Q: What inpatient hospital care does Medicare cover?
A: Part A covers medically necessary inpatient hospital care, which is care that you receive as a formally admitted hospital inpatient.
You must be formally admitted into the hospital by a physician for your care to be considered inpatient. You may face different costs if you are a hospital outpatient or on observation status.
If you are a hospital inpatient, Part A covers: a semi-private hospital room and meals; general nursing care; medically necessary medications; other hospital services and supplies.
Medicare does not cover: private duty nursing; a private room (unless medically necessary, or if it is the only room available); personal care items (such as razors or socks); a TV or telephone in your room.
After meeting your Part A deductible, Original Medicare pays in full for the first 60 days of your benefit period. After day 60, you will pay a daily hospital co-insurance.
Part B continues to cover any outpatient provider services you receive while in the hospital. You usually owe a separate 20 percent co-insurance for these services.
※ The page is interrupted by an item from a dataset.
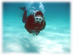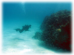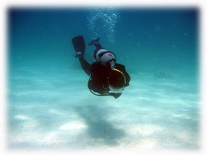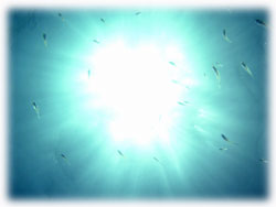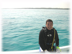 真っ白い砂地の上を午前午後、ふわふわと一時間以上漂って来たそうです。太陽の光の中で潜ってるクロサワさんは BANANAでは初めて・・・先日の北海道組のあいだでは、天気が悪いのはクロサワさんのせい・・・?ってことになってたので汚名挽回??

You are covered for up to 90 days each benefit period in a general hospital, plus 60 lifetime reserve days. A benefit period begins the day you are admitted to a hospital as an inpatient, or to a skilled nursing facility (SNF), and ends the day you have been out of the hospital or SNF for 60 days in a row.
The 60 lifetime reserve days can be used only once, and you will pay a co-insurance for each one.
Medicare Advantage plans can sometimes have different costs and co-pays and you should check on these directly with your plan.
Q: What are “observation services” as it relates to Medicare Part A coverage?
A: Observation services are short-term outpatient services received when you are in the hospital for monitoring purposes and/or to determine whether you should be admitted as an inpatient.
It is important to know that if you are receiving observation services (sometimes referred to as observation status), you have not been formally admitted to the hospital as an inpatient, even if you are given a room or stay overnight.
Under Medicare law, patients must have an inpatient stay in a short-term acute care hospital spanning at least three consecutive days (not counting the day of discharge) for Medicare to pay for a subsequent stay in a SNF.
Outpatients can stay for multiple days and nights in hospital beds and receive medical and nursing care, diagnostic tests, treatments, medications and food, just as inpatients do.
However, although the care received by patients in observation status can be similar to the medically necessary care received by inpatients, outpatients who need follow-up care do not qualify for Medicare coverage in a SNF.
As a result, the Medicare beneficiary ends up being responsible for paying for the SNF stay.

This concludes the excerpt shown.